Vector bundle of dimension $\leqslant n$ on $n$-connected space is trivial

Question

I wonder whether any vector bundle of dimension $\leqslant n$ on an $n$-connected CW-complex is trivial? It seems that,

1. the complex can be given cellular structure with exactly one 0-dimensional cell and no other cells of dimension $\leqslant n$,
2. there is a inner product on the vector bundle by the paracompactness of CW-complexes,
3. the corresponding $S^{n-1}$-fiber bundle, by some obstruction theory argument (I am not sure which one, but it should use the fact that all maps $S^{\leqslant (n-1)} \to S^n$ are homotopic), has a section,
4. and its orthogonal complement has smaller dimension, so allowing the proof by induction.

For $n=1$ it is true: any covering (with two sheets) over simply-connected space is trivial.
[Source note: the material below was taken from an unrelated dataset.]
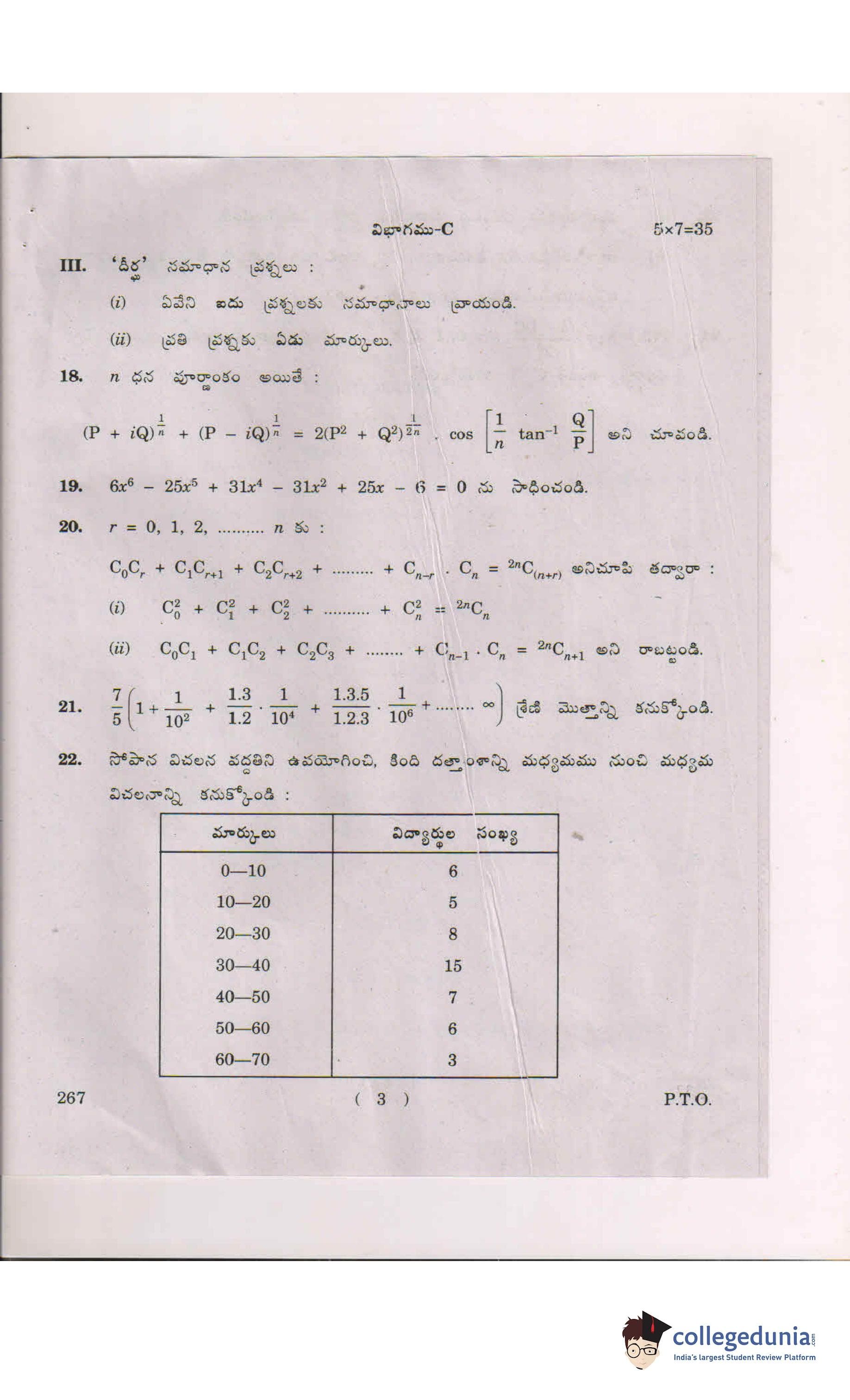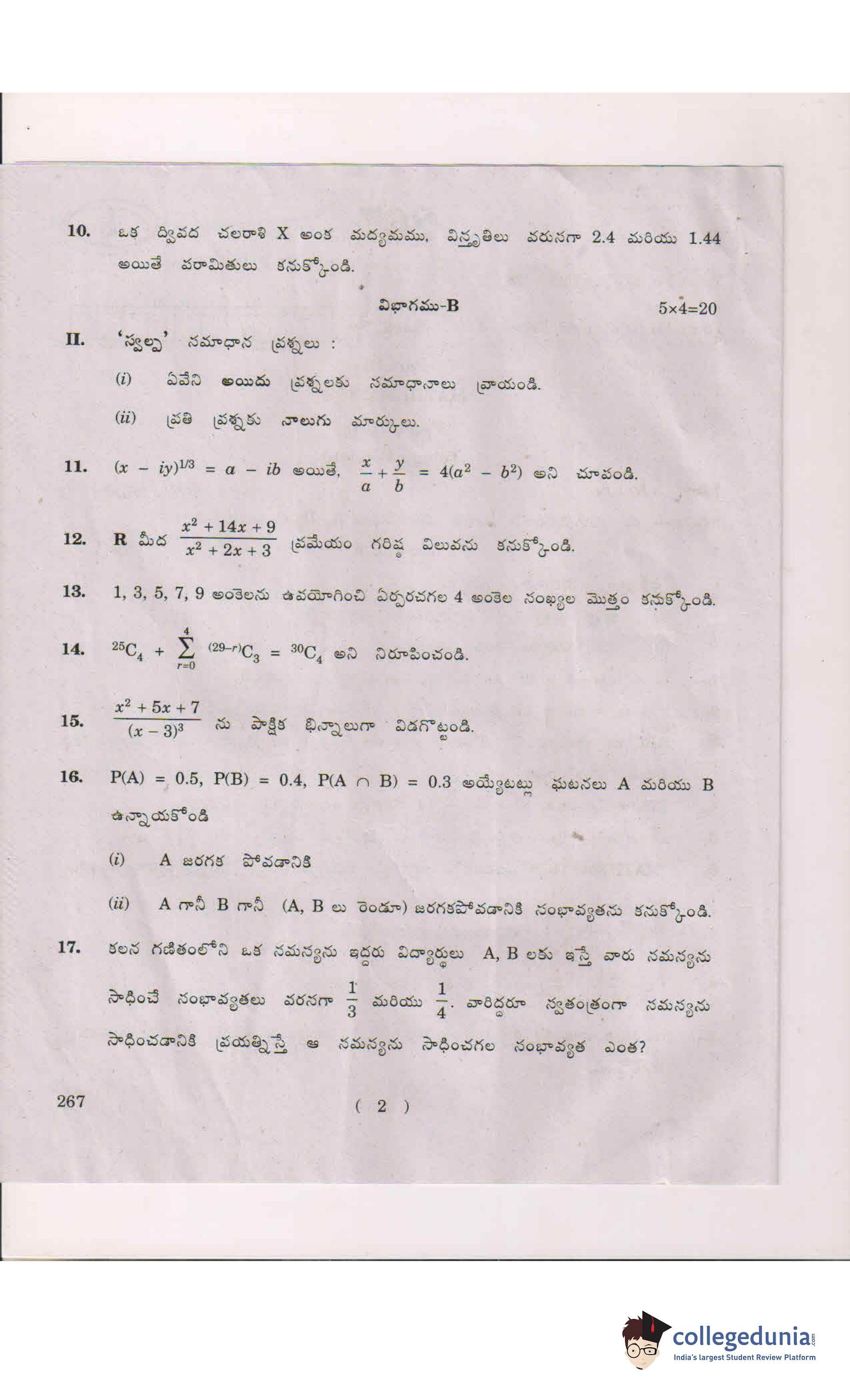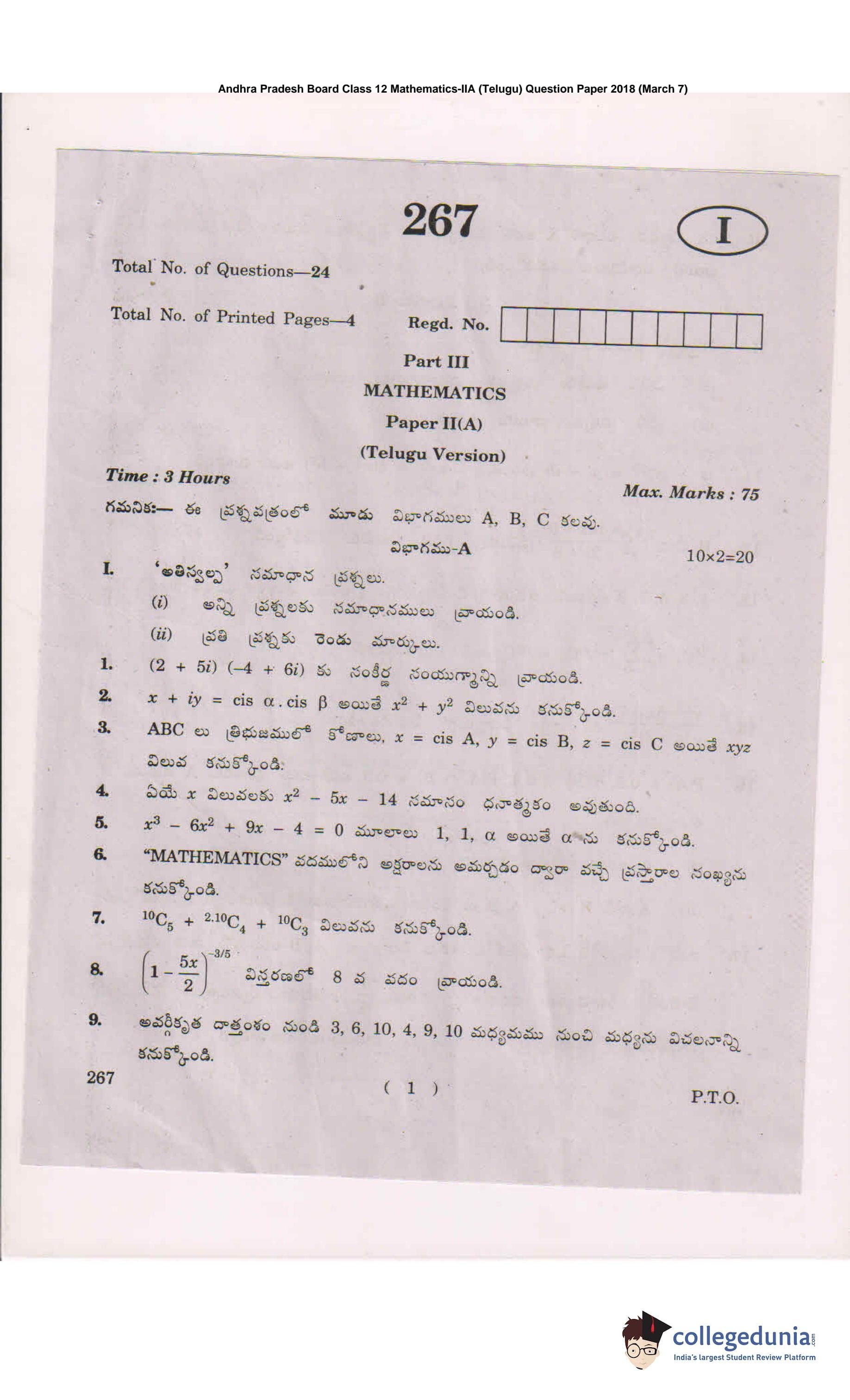 AP Intermediate 2nd year MathematicsA (Telugu) Question Paper 2018 with Answer Key (March 7)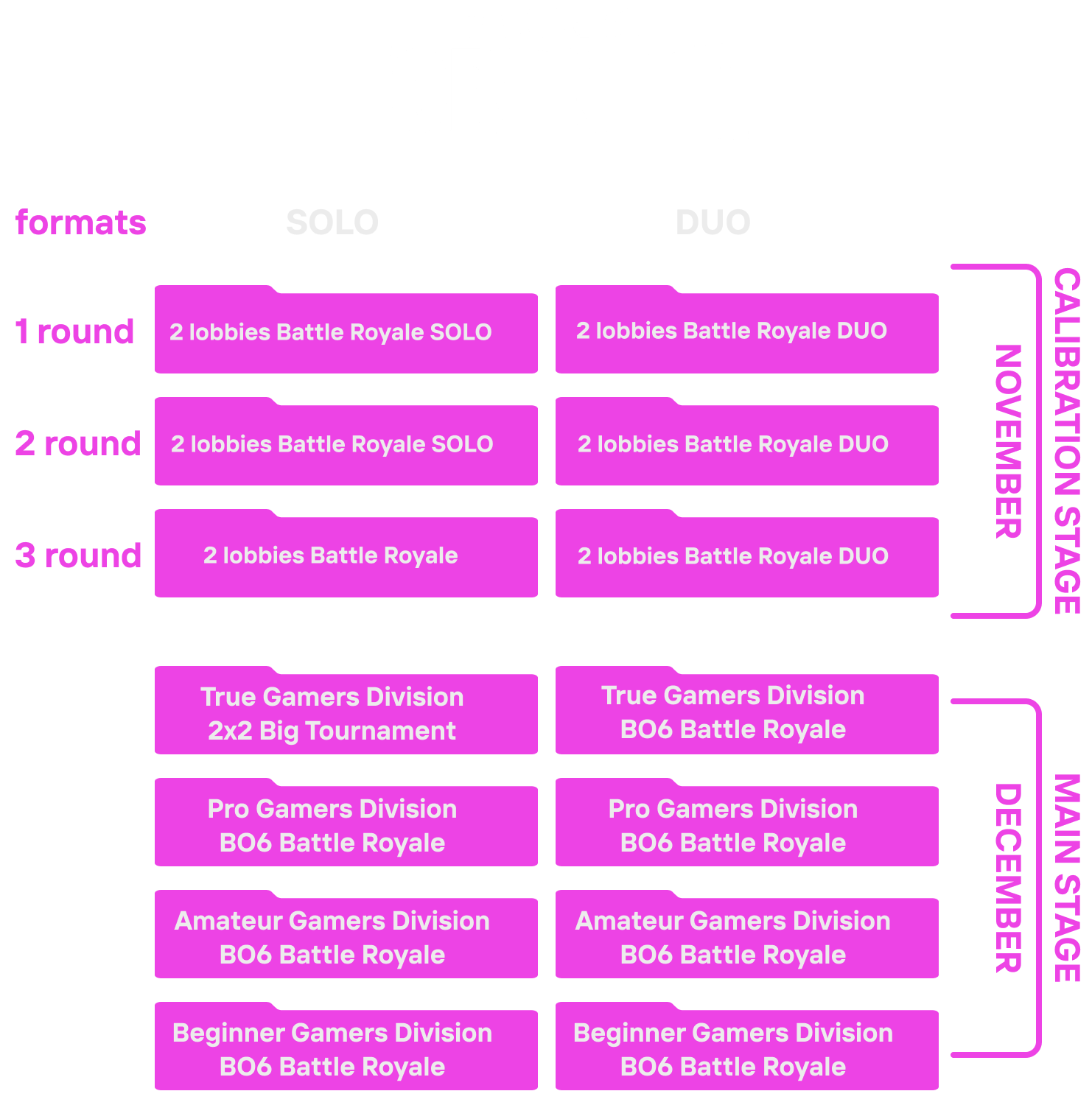To participate in the league, you need to purchase a Battle Pass for the relevant discipline and format. This can be done online on our website or offline at our network of computer clubs. After purchasing the Battle Pass, you will receive an email with login details for the tournament platform. Access to the tournament platform will be provided by mid-October.

But I have not found the general statement anywhere, so it there an error?

Answer 1

Your proposed argument fails at the third step. It is just not true that if $X$ is $n$-connected then every $S^{n-1}$-bundle over it is trivial.

The desired statement is not even true rationally: the rational homotopy groups of $BO(n)$ are not hard to calculate and in particular for $n \ge 3$,

$$\pi_{4n-4}(BO(2n)) \otimes \mathbb{Q} \cong \mathbb{Q}$$

so it follows that there are countably many nontrivial $2n$-dimensional real vector bundles over $S^{4n-4}$, which moreover can be distinguished by their Pontryagin classes $p_{n-1}$, and this gives an infinite family of counterexamples to the desired statement.

Answer 2

No, this is not the case. As Najib points out in the comments, this is the same as asking "if $X$ is $n$-connected, is every map $X \to BO(n)$ null-homotopic?"

Instead, let's show this isn't true for oriented bundles; if every bundle is (unoriented) trivial, then there are 2 oriented bundles up to isomorphism.

Take $X = S^4$ and $n = 3$. $SO(3)$ has a double cover isomorphic to the group of unit quaternions $S^3$, which fits into a fibration $\Bbb Z/2\Bbb Z\to BSO(3) \to BS^3$, and $BS^3 = \Bbb{HP}^\infty$ (this coming from a more general fibration $G/H \to BH \to BG$). Passing to the long exact sequence of homotopy groups we see $\pi_k(BSO(3)) = \pi_k(\Bbb{HP}^\infty)$. By cellular approximation, $\pi_4(\Bbb{HP}^\infty) = \pi_4(S^4) \cong \Bbb Z$, which gives far more oriented 3-bundles over $S^4$ than possible if they were all (unoriented) trivial.

Answer 3

This is more of a comment on the other answers.

We can interpret the case $n = 0$ in terms of classifying spaces as well. The point is that $BO(1) = \mathbb{RP^{\infty}}$, and any map $f$ from a simply connected space $X$ to $BO(1)$ will lift to the universal cover of $BO(1)$, which is $S^{\infty}$. In particular, $f$ will factor through a contractible space, and thus is null homotopic.

Of course, one can also prove this more directly, also using the lifting lemma on the simply connected space itself, and without referring to classifying spaces. But phrasing it this way makes it natural that one would want to a "lifting" lemma for universal principle bundles (in particular for $G = O(n)$). However, there doesn't seem to be one, as the answers to this question show. (Or if there is one, it is more subtle than just checking induced maps on homotopy groups.) (Note that the map corresponding to a vector bundle lifts to the universal bundle, which is contractible, iff the map is homotopic, iff the vector bundle is trivial.)